■ Records supplied ■
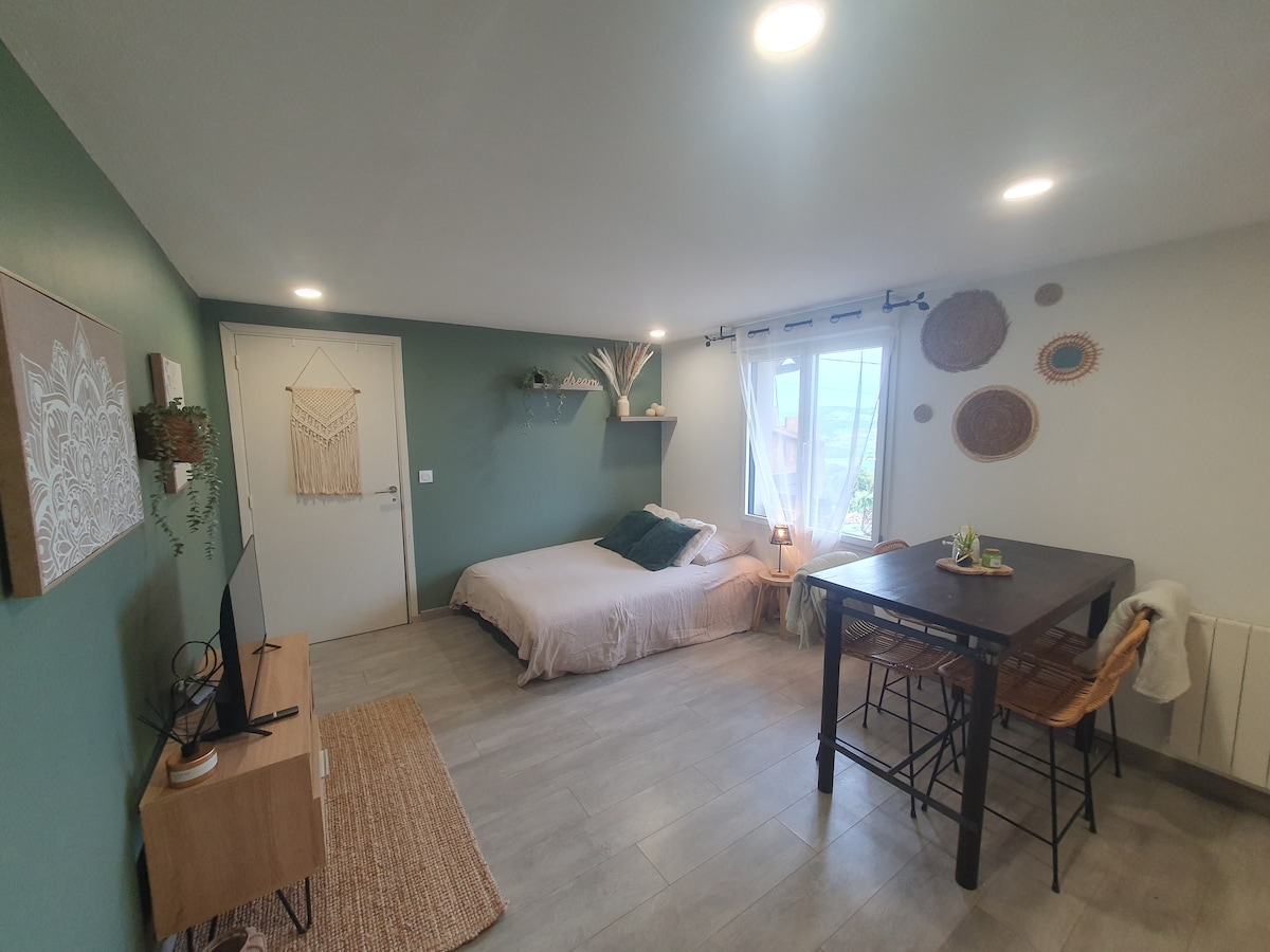Grote studio van 32 m2 op de tuinverdieping van het huis van de eigenaar. Onafhankelijke ingang, rustig voorzien door de landelijke omgeving (het huis kijkt uit op velden), zeer aangenaam uitzicht op de Semnoz-berg (beroemde plek voor paragliders die over het huis passeren, omdat de landingsplaats op 300 m afstand ligt). Deze volledig uitgeruste studio, ingebouwd gekookt en badkamer met douchecabine, is in 2016 volledig gerenoveerd. Het is perfect voor 2 of 3 (1 stel met 1 kind)
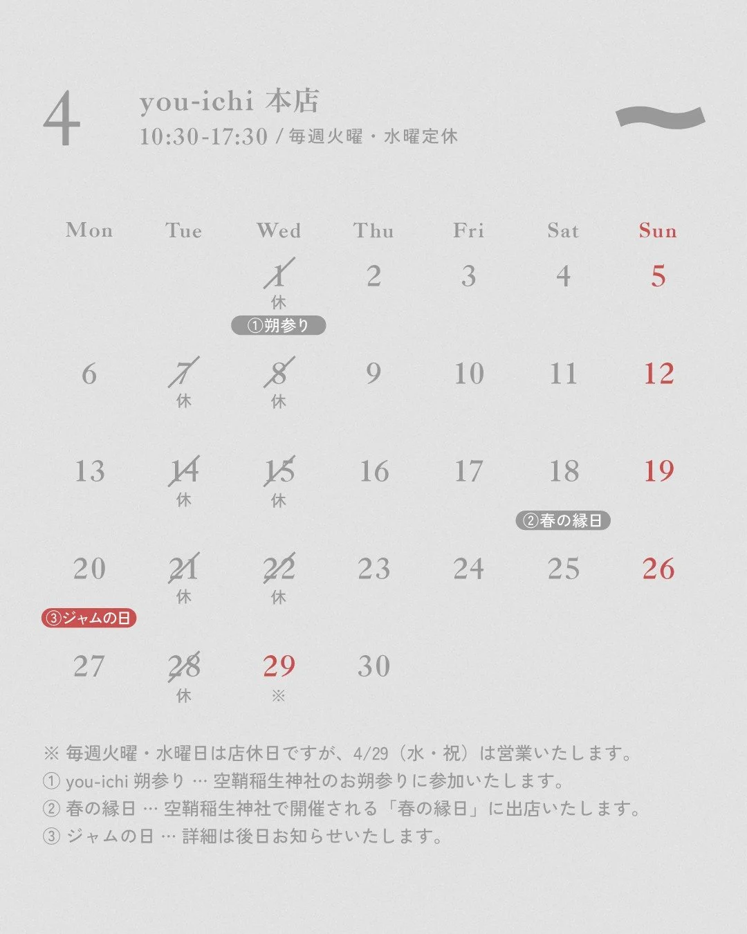営業時間:10:30-17:30(隔週火曜・毎週水曜定休日)※下部の営業カレンダーをご参照ください
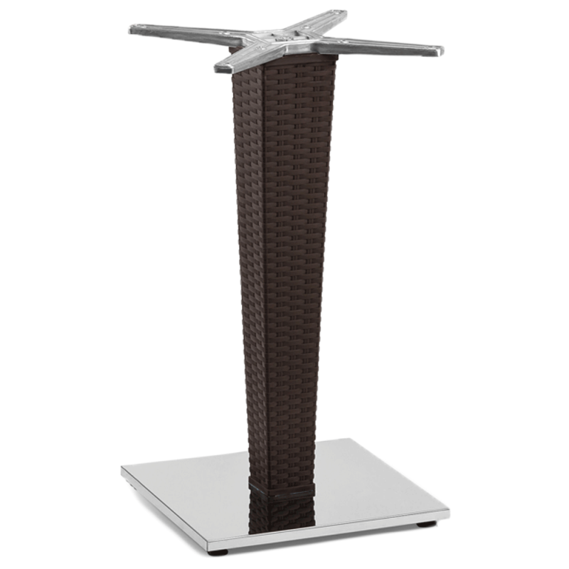 База столу Tilia Antares Single максимально стійка і довговічна. Каркас металевий з плетінням під ротанг (поліетилен) і опорою з нержавіючої сталі. Висота і ухил регулюються, це дозволяє міцно встановити стіл навіть на нерівну поверхню. Підходить для комбінування зі стільницями Antares 70×70, 80×80, 80×120, 90×150. Можна використовувати на вулиці біля басейну, в приміщенні ресторанів, обідніх кімнат і кухонь. Матеріали виробу стійкі до природних опадів, перепадів температур, впливу УФ випромінювання.
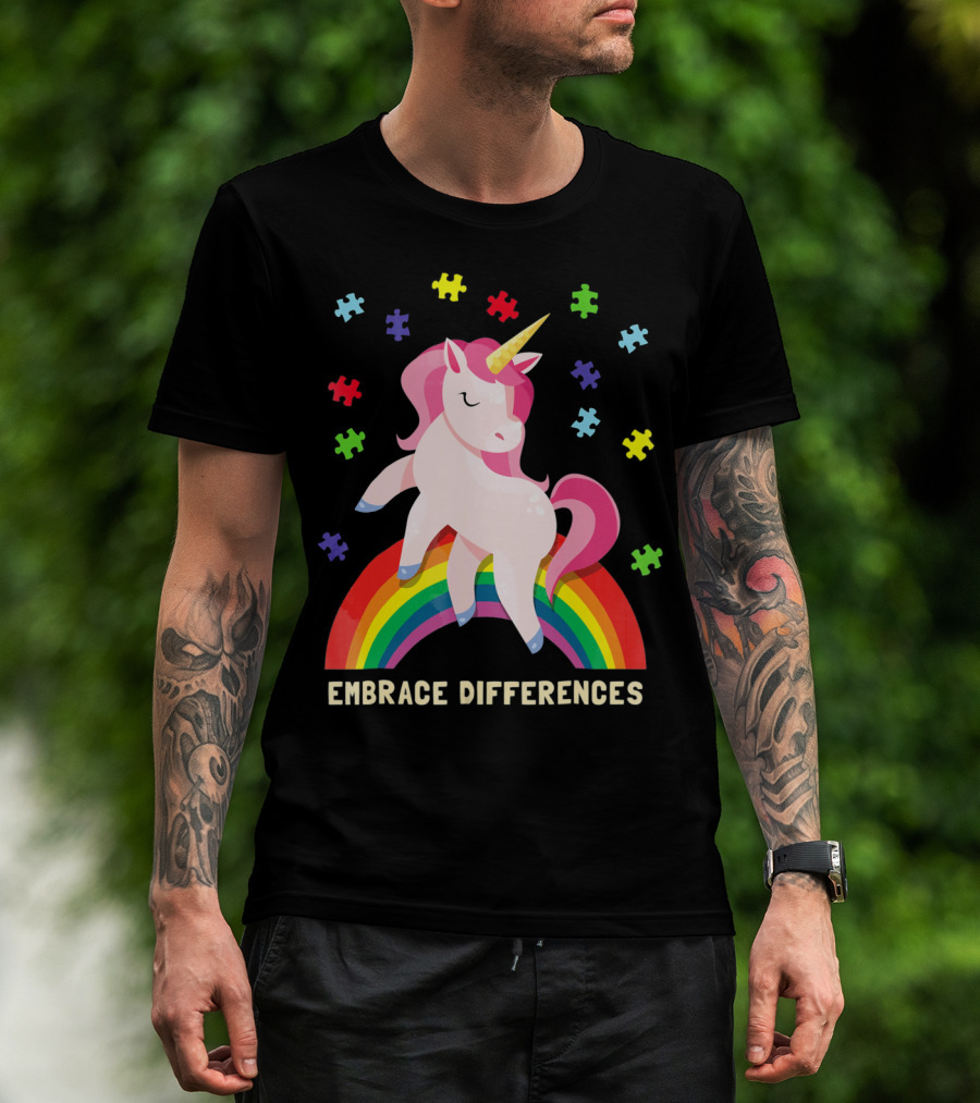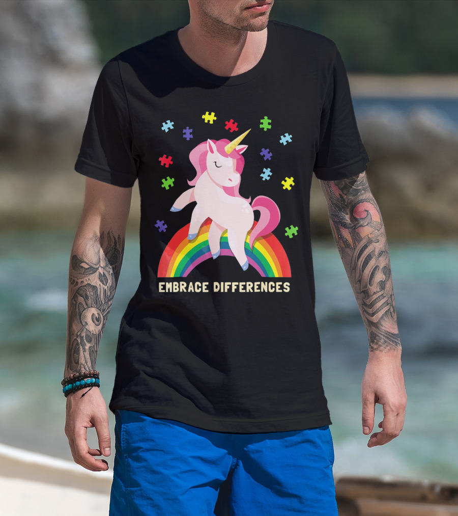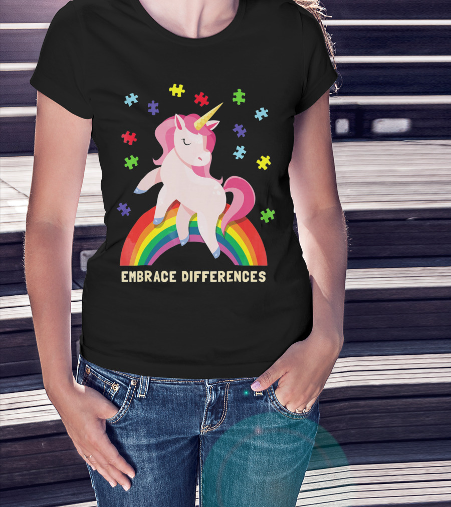 Embrace Differences Autism Awareness Youth Unicorn Rainbow Puzzle Pieces T-Shirt
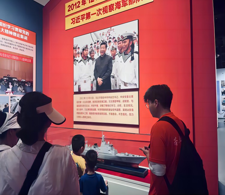 图为“红色文化需传承凝心聚魂心脉传”团队成员观看中国海军的“成长”历程。中国青年网通讯员 陈维洋 摄

■ Exercise description ■
Write out verbatim the lines from the one containing "Embrace Differences Autism" through the last line of the listing above, and no other lines; omit pictures.

■ Response for this exercise ■
 Embrace Differences Autism Awareness Youth Unicorn Rainbow Puzzle Pieces T-Shirt
 图为“红色文化需传承凝心聚魂心脉传”团队成员观看中国海军的“成长”历程。中国青年网通讯员 陈维洋 摄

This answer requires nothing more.